Given material –
---*---

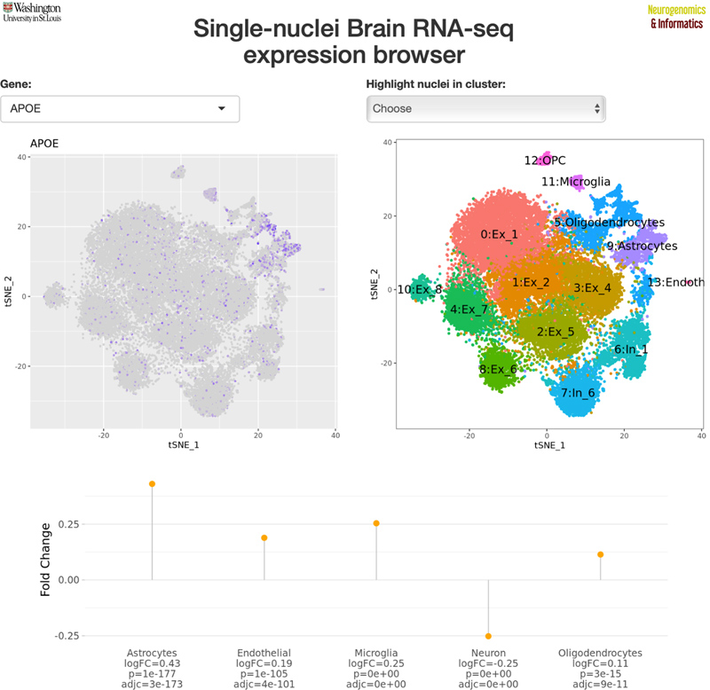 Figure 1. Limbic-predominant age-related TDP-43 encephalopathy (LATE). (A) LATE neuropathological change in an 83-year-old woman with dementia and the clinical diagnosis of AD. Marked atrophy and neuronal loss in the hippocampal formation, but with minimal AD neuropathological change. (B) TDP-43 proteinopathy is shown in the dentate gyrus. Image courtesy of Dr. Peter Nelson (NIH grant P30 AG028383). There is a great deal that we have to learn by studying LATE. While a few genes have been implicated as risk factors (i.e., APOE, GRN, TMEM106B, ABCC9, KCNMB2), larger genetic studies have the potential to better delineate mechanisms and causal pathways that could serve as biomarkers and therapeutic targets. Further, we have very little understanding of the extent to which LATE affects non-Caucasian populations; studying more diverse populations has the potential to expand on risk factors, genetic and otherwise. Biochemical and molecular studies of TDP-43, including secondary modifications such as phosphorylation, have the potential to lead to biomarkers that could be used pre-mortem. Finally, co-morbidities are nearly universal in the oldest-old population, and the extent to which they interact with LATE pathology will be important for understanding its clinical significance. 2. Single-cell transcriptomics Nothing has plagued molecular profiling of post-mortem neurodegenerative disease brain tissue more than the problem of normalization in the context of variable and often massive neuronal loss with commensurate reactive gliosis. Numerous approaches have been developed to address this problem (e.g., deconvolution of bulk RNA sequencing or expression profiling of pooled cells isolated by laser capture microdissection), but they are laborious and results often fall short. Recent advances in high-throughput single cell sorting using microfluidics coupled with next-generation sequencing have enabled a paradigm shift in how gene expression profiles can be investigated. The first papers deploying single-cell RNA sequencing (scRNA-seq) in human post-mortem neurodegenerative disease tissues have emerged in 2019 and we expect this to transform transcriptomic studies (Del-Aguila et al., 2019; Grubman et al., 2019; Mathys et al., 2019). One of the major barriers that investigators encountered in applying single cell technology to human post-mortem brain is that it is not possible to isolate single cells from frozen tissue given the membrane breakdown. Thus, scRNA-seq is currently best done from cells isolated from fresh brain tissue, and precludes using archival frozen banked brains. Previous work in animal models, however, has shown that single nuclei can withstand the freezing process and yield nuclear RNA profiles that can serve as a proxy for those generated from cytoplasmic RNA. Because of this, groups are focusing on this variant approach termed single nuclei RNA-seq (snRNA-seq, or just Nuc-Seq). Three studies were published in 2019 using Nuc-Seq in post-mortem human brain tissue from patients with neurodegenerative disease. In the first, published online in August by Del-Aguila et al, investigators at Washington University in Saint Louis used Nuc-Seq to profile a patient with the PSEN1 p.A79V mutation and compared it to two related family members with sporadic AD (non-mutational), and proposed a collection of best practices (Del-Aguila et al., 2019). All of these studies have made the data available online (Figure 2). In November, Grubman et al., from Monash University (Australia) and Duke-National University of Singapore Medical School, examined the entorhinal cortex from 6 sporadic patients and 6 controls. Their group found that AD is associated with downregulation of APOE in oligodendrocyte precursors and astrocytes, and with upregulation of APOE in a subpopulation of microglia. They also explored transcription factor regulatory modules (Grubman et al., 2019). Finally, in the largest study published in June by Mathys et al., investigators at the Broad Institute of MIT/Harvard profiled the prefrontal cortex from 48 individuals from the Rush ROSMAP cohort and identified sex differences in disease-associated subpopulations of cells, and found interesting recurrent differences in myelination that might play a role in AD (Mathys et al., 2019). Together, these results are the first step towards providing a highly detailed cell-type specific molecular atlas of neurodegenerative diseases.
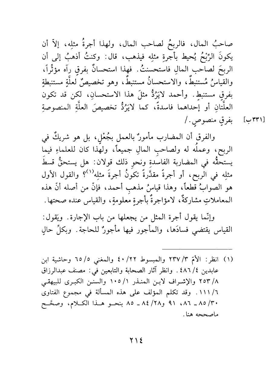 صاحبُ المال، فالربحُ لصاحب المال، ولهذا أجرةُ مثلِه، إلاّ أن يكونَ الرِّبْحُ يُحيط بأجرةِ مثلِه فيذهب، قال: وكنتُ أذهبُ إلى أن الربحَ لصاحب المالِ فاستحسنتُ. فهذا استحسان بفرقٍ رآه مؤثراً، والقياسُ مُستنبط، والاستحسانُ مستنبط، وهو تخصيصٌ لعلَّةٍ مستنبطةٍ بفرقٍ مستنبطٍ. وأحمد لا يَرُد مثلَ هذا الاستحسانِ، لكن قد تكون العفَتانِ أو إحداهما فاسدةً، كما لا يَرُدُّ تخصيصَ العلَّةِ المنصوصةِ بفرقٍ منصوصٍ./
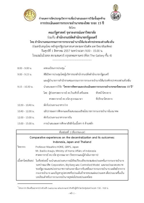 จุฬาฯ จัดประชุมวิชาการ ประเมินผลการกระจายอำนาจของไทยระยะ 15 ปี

---*---

What is being asked – Quote precisely the lines of the data from the line containing "صاحبُ المال، فالربحُ" through its final line, both included, excluding pictures.

Completed exercise –
 صاحبُ المال، فالربحُ لصاحب المال، ولهذا أجرةُ مثلِه، إلاّ أن يكونَ الرِّبْحُ يُحيط بأجرةِ مثلِه فيذهب، قال: وكنتُ أذهبُ إلى أن الربحَ لصاحب المالِ فاستحسنتُ. فهذا استحسان بفرقٍ رآه مؤثراً، والقياسُ مُستنبط، والاستحسانُ مستنبط، وهو تخصيصٌ لعلَّةٍ مستنبطةٍ بفرقٍ مستنبطٍ. وأحمد لا يَرُد مثلَ هذا الاستحسانِ، لكن قد تكون العفَتانِ أو إحداهما فاسدةً، كما لا يَرُدُّ تخصيصَ العلَّةِ المنصوصةِ بفرقٍ منصوصٍ./
 จุฬาฯ จัดประชุมวิชาการ ประเมินผลการกระจายอำนาจของไทยระยะ 15 ปี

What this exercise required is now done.